9. Since $$\Lambda$$ maps to the largest $$2K$$ entries in $$\bh$$, hence whatever entries we choose in $$\Lambda_0$$, the largest $$K$$ entries in $$\Lambda_0^c$$ will be $$\Lambda_1$$.

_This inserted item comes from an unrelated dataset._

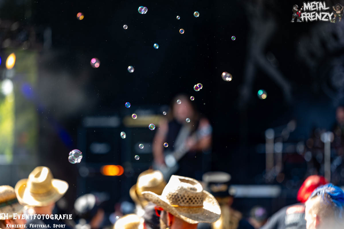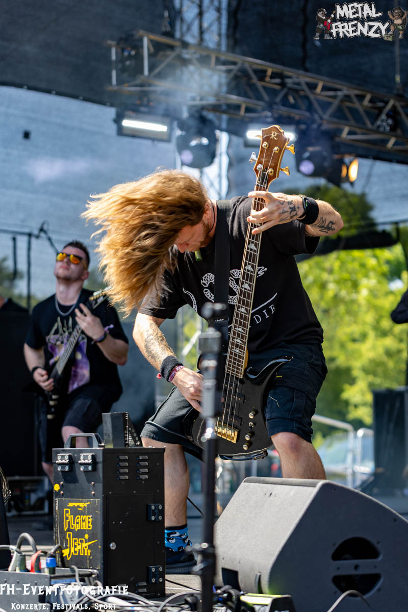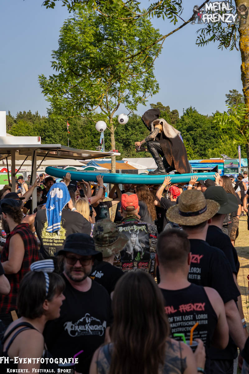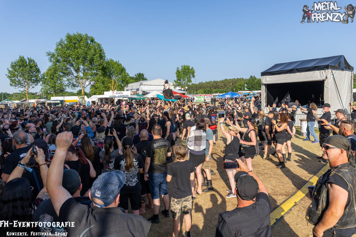 Auf dem MFOA durften sie ihre Show und ihren Sound komplett Richtung Metal schrauben, und das finde ich hat deren Show so richtig gutgetan. Vom letzten Mal hatte ich sie irgendwie eher langweiliger in Erinnerung. Aber auf dem Frenzy waren sie eine andere Band. Das klang mega, das machte mega Spaß und die Stimmung im Publikum war dementsprechend großartig. Nach diesem fullmimanten Abschluss der Liveauftritte gab es noch einige Stunden Musik aus der Konserve. Danach brachen dann die letzten Stunden Schlaf an, die die Metalheads auf dem Acker vor dem Gardelegener Freibad verbringen konnten, bevor es Sonntag wieder zurück Richtung Alltag ging.

10. Hence as per Lemma 14.4 above, we have

$\| \bh_{\Lambda} \|_2 \leq \alpha \frac{\| \bh_{\Lambda_0^c}\|_1}{\sqrt{K}}.$
11. Also

$\Lambda = \Lambda_0 \cup \Lambda_1 \implies \Lambda_0 = \Lambda \setminus \Lambda_1 = \Lambda \cap \Lambda_1^c \implies \Lambda_0^c = \Lambda_1 \cup \Lambda^c.$
12. Thus we have

$\| \bh_{\Lambda_0^c} \|_1 = \| \bh_{\Lambda_1} \|_1 + \| \bh_{\Lambda^c} \|_1.$
13. We have to get rid of $$\Lambda_1$$.

14. Since $$\bh_{\Lambda_1} \in \Sigma_K$$, by applying Theorem 14.17 we get

$\| \bh_{\Lambda_1} \|_1 \leq \sqrt{K} \| \bh_{\Lambda_1} \|_2$
15. Hence

$\| \bh_{\Lambda} \|_2 \leq \alpha \left ( \| \bh_{\Lambda_1} \|_2 + \frac{\| \bh_{\Lambda^c} \|_1}{\sqrt{K}} \right)$
16. But since $$\Lambda_1 \subset \Lambda$$, hence $$\| \bh_{\Lambda_1} \|_2 \leq \| \bh_{\Lambda} \|_2$$.

17. Hence

$\begin{split} &\| \bh_{\Lambda} \|_2 \leq \alpha \left ( \| \bh_{\Lambda} \|_2 + \frac{\| \bh_{\Lambda^c} \|_1}{\sqrt{K}} \right)\\ \implies &(1 - \alpha) \| \bh_{\Lambda} \|_2 \leq \alpha \frac{\| \bh_{\Lambda^c} \|_1}{\sqrt{K}}\\ \implies &\| \bh_{\Lambda} \|_2 \leq \frac{\alpha}{1 - \alpha} \frac{\| \bh_{\Lambda^c} \|_1}{\sqrt{K}} \quad \text{ if } \alpha \leq 1. \end{split}$
18. Note that the inequality is also satisfied for $$\alpha = 1$$ in which case, we don’t need to bring $$1-\alpha$$ to denominator.

19. Now

$\begin{split} &\alpha \leq 1\\ \implies &\frac{\sqrt{2} \delta_{2K}}{ 1 - \delta_{2K}} \leq 1 \\ \implies &\sqrt{2} \delta_{2K} \leq 1 - \delta_{2K}\\ \implies &(\sqrt{2} + 1) \delta_{2K} \leq 1\\ \implies &\delta_{2K} \leq \sqrt{2} - 1. \end{split}$
20. Putting

$C = \frac{\alpha}{1 - \alpha} = \frac {\sqrt{2} \delta_{2K}} {1 - (1 + \sqrt{2})\delta_{2K}}$

we see that $$\Phi$$ satisfies NSP of order $$2K$$ whenever $$\Phi$$ satisfies RIP of order $$2K$$ with $$\delta_{2K} \leq \sqrt{2} -1$$.

Note that for $$\delta_{2K} = \sqrt{2} - 1$$, $$C=\infty$$.